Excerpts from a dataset

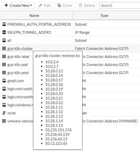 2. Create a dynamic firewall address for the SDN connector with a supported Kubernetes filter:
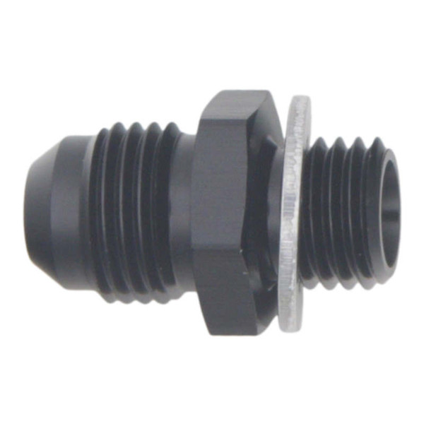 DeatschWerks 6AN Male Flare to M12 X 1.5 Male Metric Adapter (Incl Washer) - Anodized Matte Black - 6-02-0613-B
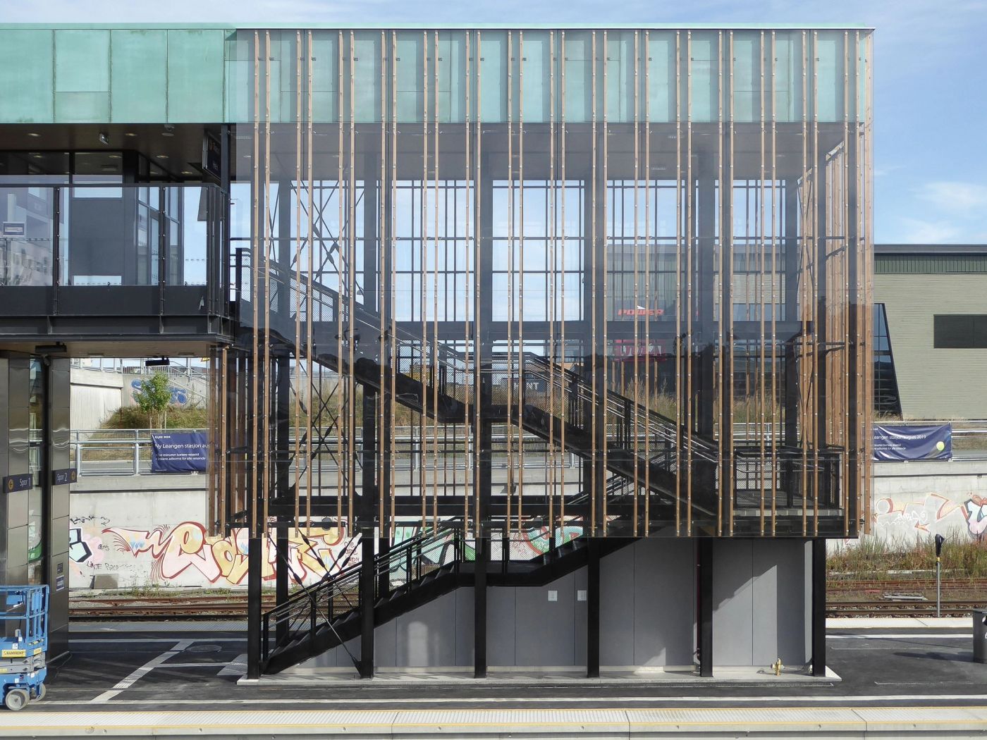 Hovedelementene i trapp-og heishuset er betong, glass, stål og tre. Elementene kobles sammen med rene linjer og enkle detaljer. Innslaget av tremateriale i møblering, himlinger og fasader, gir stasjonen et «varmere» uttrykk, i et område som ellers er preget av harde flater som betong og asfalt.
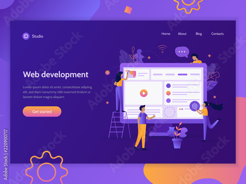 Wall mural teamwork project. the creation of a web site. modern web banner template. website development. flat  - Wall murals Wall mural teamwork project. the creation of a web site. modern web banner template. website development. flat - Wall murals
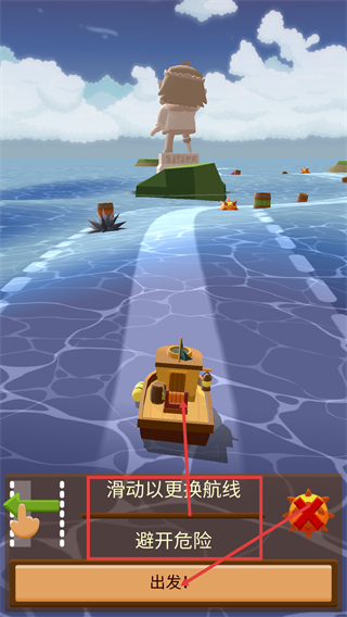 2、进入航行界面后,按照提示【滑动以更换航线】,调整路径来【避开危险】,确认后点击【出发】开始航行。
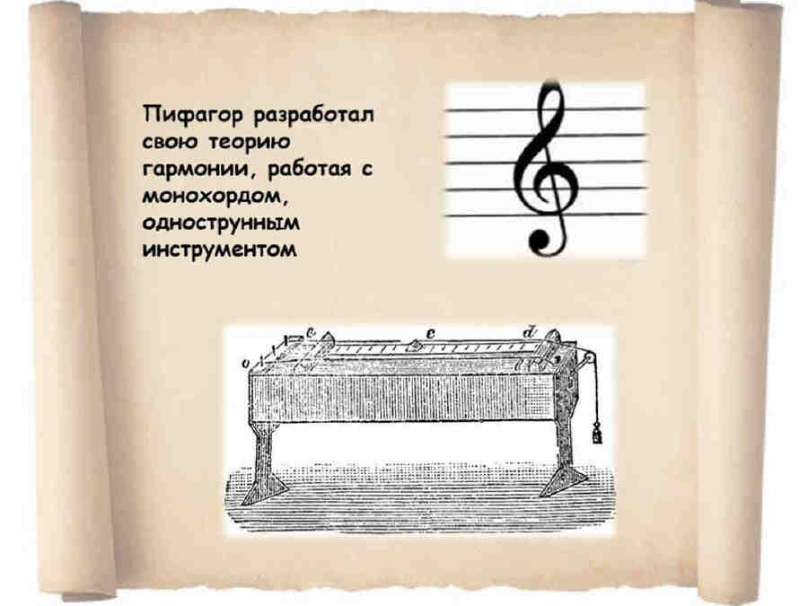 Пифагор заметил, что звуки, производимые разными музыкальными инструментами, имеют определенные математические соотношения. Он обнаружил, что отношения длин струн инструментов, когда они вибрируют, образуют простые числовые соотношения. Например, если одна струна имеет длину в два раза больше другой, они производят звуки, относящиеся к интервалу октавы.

_HOW TO COMPLETE THIS TASK:_
Write out every record exactly. Leave the pictures out.

_TASK ANSWER:_
 2. Create a dynamic firewall address for the SDN connector with a supported Kubernetes filter:
 DeatschWerks 6AN Male Flare to M12 X 1.5 Male Metric Adapter (Incl Washer) - Anodized Matte Black - 6-02-0613-B
 Hovedelementene i trapp-og heishuset er betong, glass, stål og tre. Elementene kobles sammen med rene linjer og enkle detaljer. Innslaget av tremateriale i møblering, himlinger og fasader, gir stasjonen et «varmere» uttrykk, i et område som ellers er preget av harde flater som betong og asfalt.
 Wall mural teamwork project. the creation of a web site. modern web banner template. website development. flat  - Wall murals Wall mural teamwork project. the creation of a web site. modern web banner template. website development. flat - Wall murals
 2、进入航行界面后,按照提示【滑动以更换航线】,调整路径来【避开危险】,确认后点击【出发】开始航行。
 Пифагор заметил, что звуки, производимые разными музыкальными инструментами, имеют определенные математические соотношения. Он обнаружил, что отношения длин струн инструментов, когда они вибрируют, образуют простые числовые соотношения. Например, если одна струна имеет длину в два раза больше другой, они производят звуки, относящиеся к интервалу октавы.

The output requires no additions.